Its not 100% certain when BBQ originated. Some believe it was brought over by the Spanish as “barbacoa” while others say modern American BBQ originated in the late 1800’s as settlers moved out west. BBQ is NOT putting a slab of meat on a grill and putting some sauce on it… that is a common mis-conception that would make the true BBQ lover cringe at the very thought of that being “BBQ”. It came to be when people wanted to better utilize all of the meat from the animal. This meat in particular was Beef Brisket. Briskett usually being very tough, dry and very hard to cook, but that made it very cheap. Like most Americans, we love cheap.
So then came the challenge. How do we make a tough, dry piece of meat into a work of art? A delectable, tasty piece of meat that if cooked correctly would rival that of the best steakhouses in the nation and probably the world. BBQ is made from a slow in-direct heating process usually involving wood, or charcoal. The best way to cook brisket is to give it love and affection. Some of the best BBQ masters cook a slap of brisket for a minimum of 7 hours and then let it “relax” off of the heat for 2-3 hours so that it can soak up all of the juices, fats and flavors you used to cook it in.

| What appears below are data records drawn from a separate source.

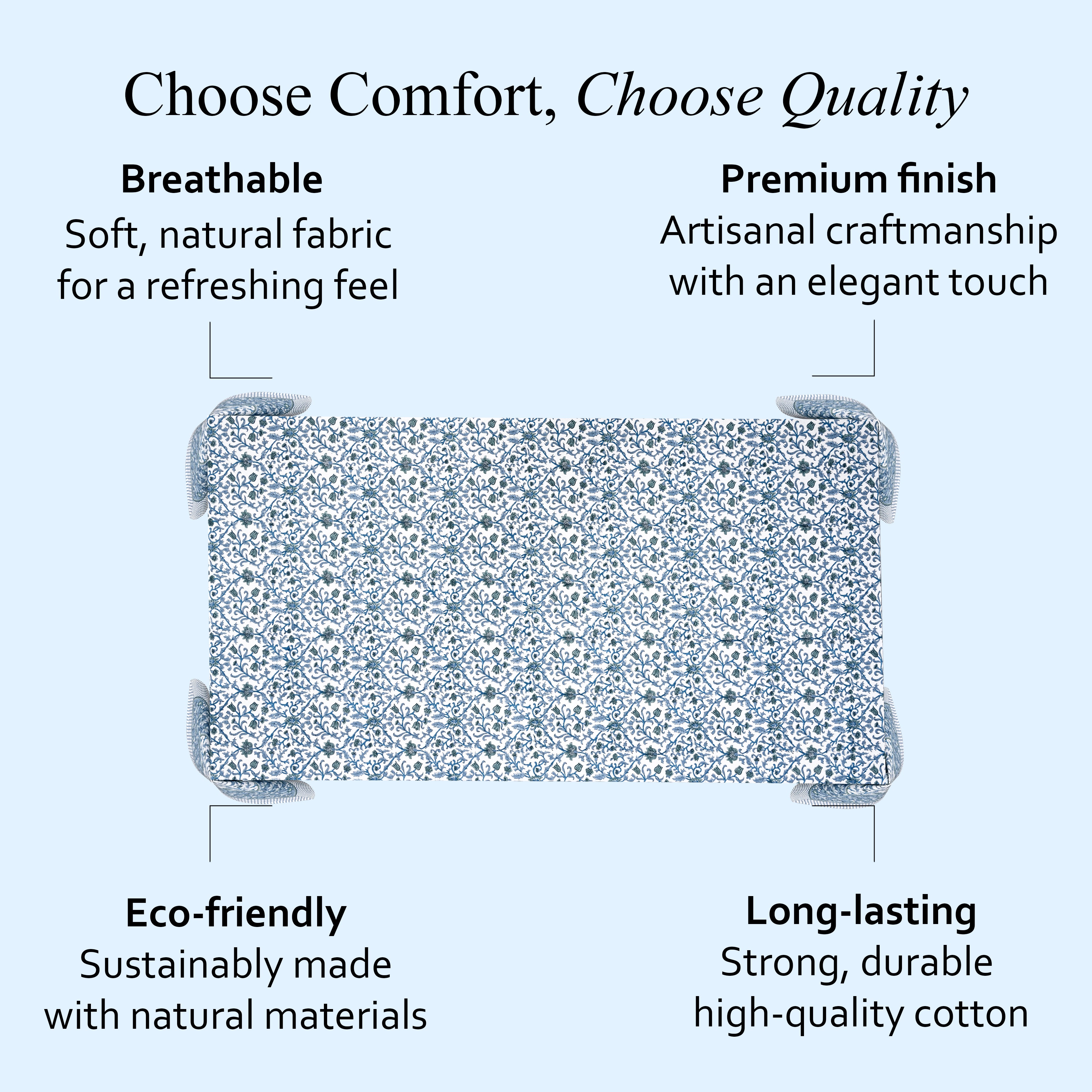 Use a mild detergent to protect the natural fibers and preserve the vibrant colors of our block prints.
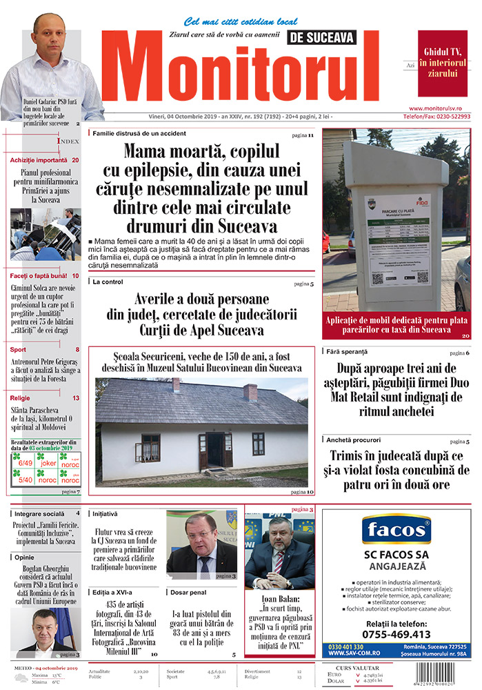 vineri, 4 oct 2019 - Anul XXIV, nr. 232 (7233)
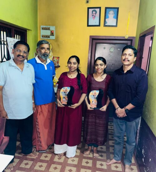 നേടിയ സംഗീത വിസ്മയമായ ലേഖാസ് സിംഗിംഗ് സിസ്റ്റേഴ്സ് നിവേദിത ദാസിനും നിരഞ്ജന ദാസിനും വീട്ടിലെത്തി ആദരിച്ചു.
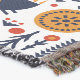 This folk art design features a bird in the forest geometric pattern.
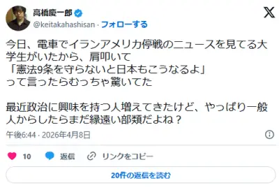 列車内で「憲法 9条を守らないとこうなるよ」と肩を叩いてくる不審者事案
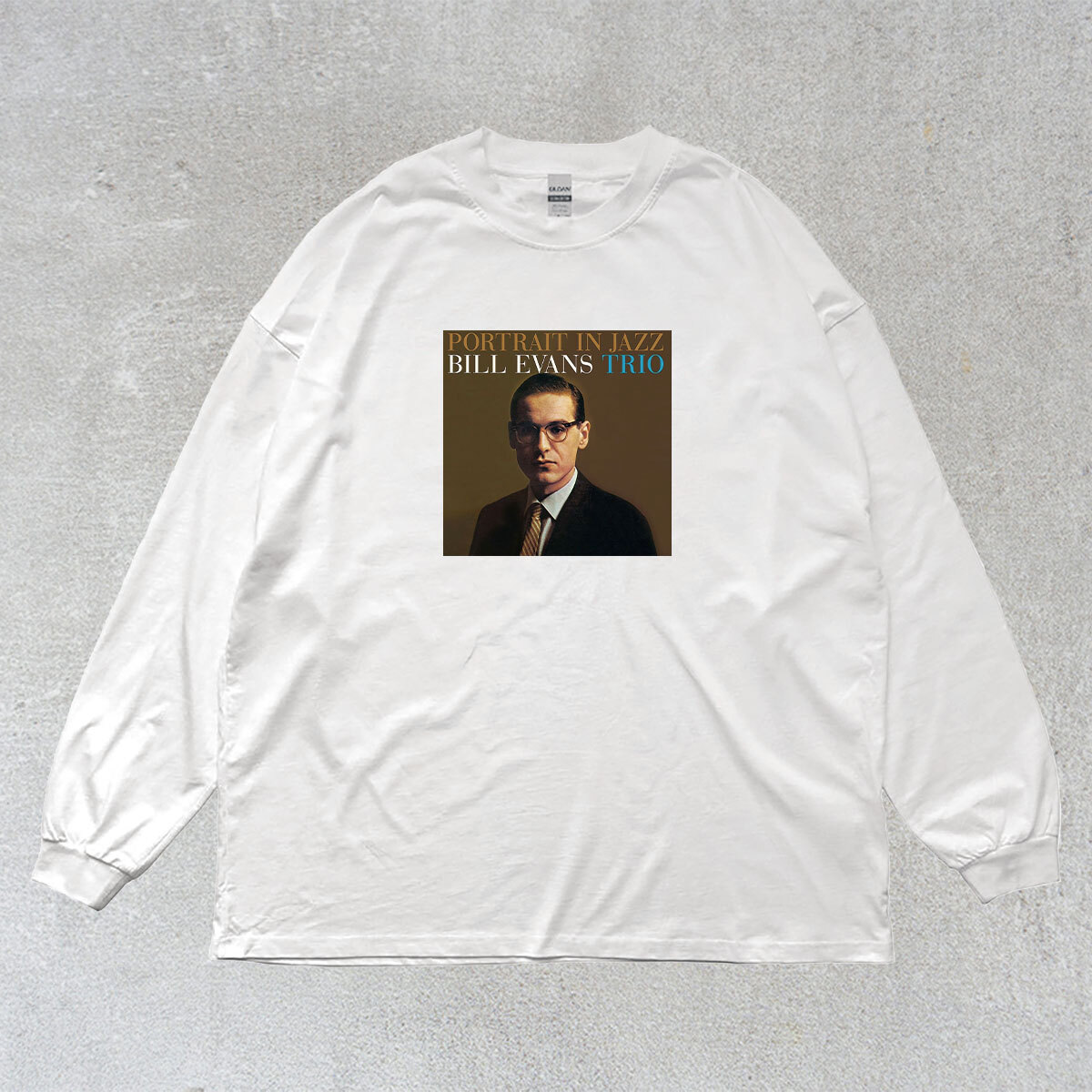 ビル エヴァンス Bill Evans フォトプリント リブ付き 長袖 Tシャツ ロンT キレイめ カジュアル 6.0oz コットン100% シロ ホワイト XL

Since the late 1800’s it has evolved tremendously and everywhere you go across the United States, each kind of Barbeque restaurant has their own take on how to mix spices and sauces to make the best flavor your taste buds desire. The most famous of the BBQ styles would be from Texas, Tennessee, Kansas City and North Carolina. Each would say their style and flavor is superior to the next, I’ll be honest and say they’re all amazing. BBQ has become such a staple in American culture that just in the last 30 years, BBQ cook-offs or festivals have been a weekly event across the nation. Where BBQ experts and hobbyists alike come together and literally compete with each other who has the best BBQ.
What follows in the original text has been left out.